I'm bored with audiophile HP's for music. I started looking for something more fun and although there are several bass focused headphones out there, I read that the Skullcandy Crushers sounded like having 15's in your trunk but not noted for great SQ or anything with the amp turned off.
I won't be using an amp or anything so one built into the HP sounds great.

Has any bassheads here experienced with Skullcandy crushers? I'm curious what you think of them.

...and no "get Beats" troll responses please. I read a ton of reviews and it sounds as if the Crushers offer the most powerful bass option, but curious what other bassheads prefer.


----------



## Randyman... (Oct 7, 2012)

I can't compare to the ones you mentioned, but I've yet to find a pair of cans that can tickle my ears better than the V-Moda Crossfade LP2's.

Apparently, the model I have (4 pairs worth for the studio!) have been updated:

Old Model

New Model


I run these off a power amp (not a whimpy HP amp, but an actual 8-channel power amp - a Lectrosonics PA8). I'm a certified basshead, and these absolutely satisfy my desires w/o breaking a sweat. I do generally add some 5K-20K sparkle back in with EQ as they can be a bit dark otherwise (and my tinnitus doesn't help!).

I will mention I also have the more expensive Crossfade M-100. The overall balance and soundstage is MUCH better on the M-100's - and they still get VERY loud and low, but I've fried the drivers twice now running off that same beefy power amp (warranty repairs both times / 3yr warranty). The LP2's have taken some serious abuse and I've never had one fail...

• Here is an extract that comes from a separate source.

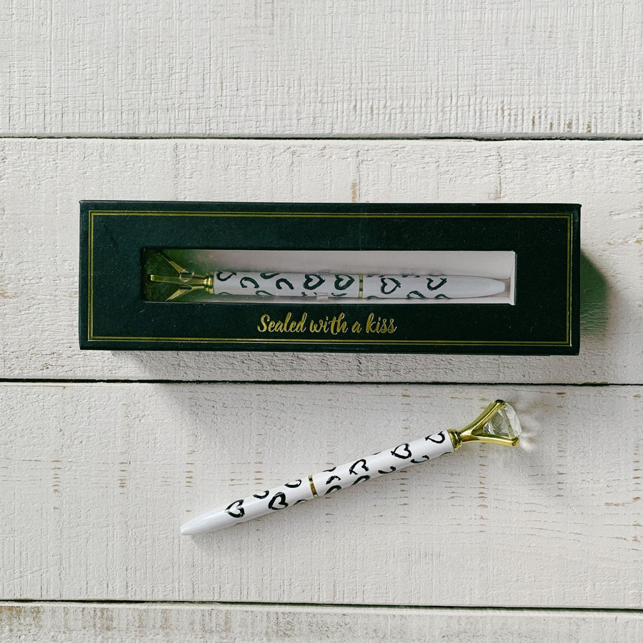 Add a touch of elegance to your workspace with the Heart Gem Pen in Gift Box, featuring a jewel-topped design and a black box with a gold border. Gift this unique pen to a loved one with the box reading "Sealed with a Kiss" for a special touch.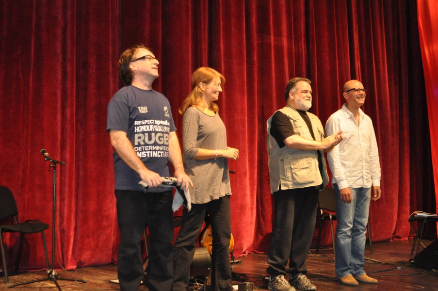 S-a aplaudat furtunos, cu ovaţii la final, iar bisul a fost şi el de clasă. Celebra „Fabrici şi uzine” cântată de Alexandru Andrieş singur pe scenă, el, vocea sa specială şi o muzicţă. Şi mesajul său de protest, plin de umor, la adresa unui regimcăzut să sperăm definitiv.

Check out some of the Home Theater Geeks (TWiT network Podcast) headphone episodes for more fabulous suggestions. That's where I initially discovered the V-Moda LP2's, and am glad I dropped over $1000 on V-moda headphones for the studio!


----------



## rayray881 (Jul 15, 2013)

sony mdr-xb series


----------



## omnibus (Feb 20, 2015)

Randyman... said:


> I can't compare to the ones you mentioned, but I've yet to find a pair of cans that can tickle my ears better than the V-Moda Crossfade LP2's.
> 
> Apparently, the model I have (4 pairs worth for the studio!) have been updated:
> 
> ...


They look nice but I'll be using mine for portable and some radio apps don't have an EQ but don't really want a separate amp. Plus these would push my budget a bit.
I'll look certainly check into them though and see if I can find some comparisons. thanks.



rayray881 said:


> sony mdr-xb series


The comparison reviews mentioned the Crushers had a lot more bass but those Sony's are well regarded for bass lovers. But it's second on my list ATM.


----------



## etroze (Dec 24, 2013)

Crushers will actually vibrate off your head if you find a really bass heavy song like Bass Nectar's "Basshead". It's actually kinda fun but not my taste for day to day listening lol.


----------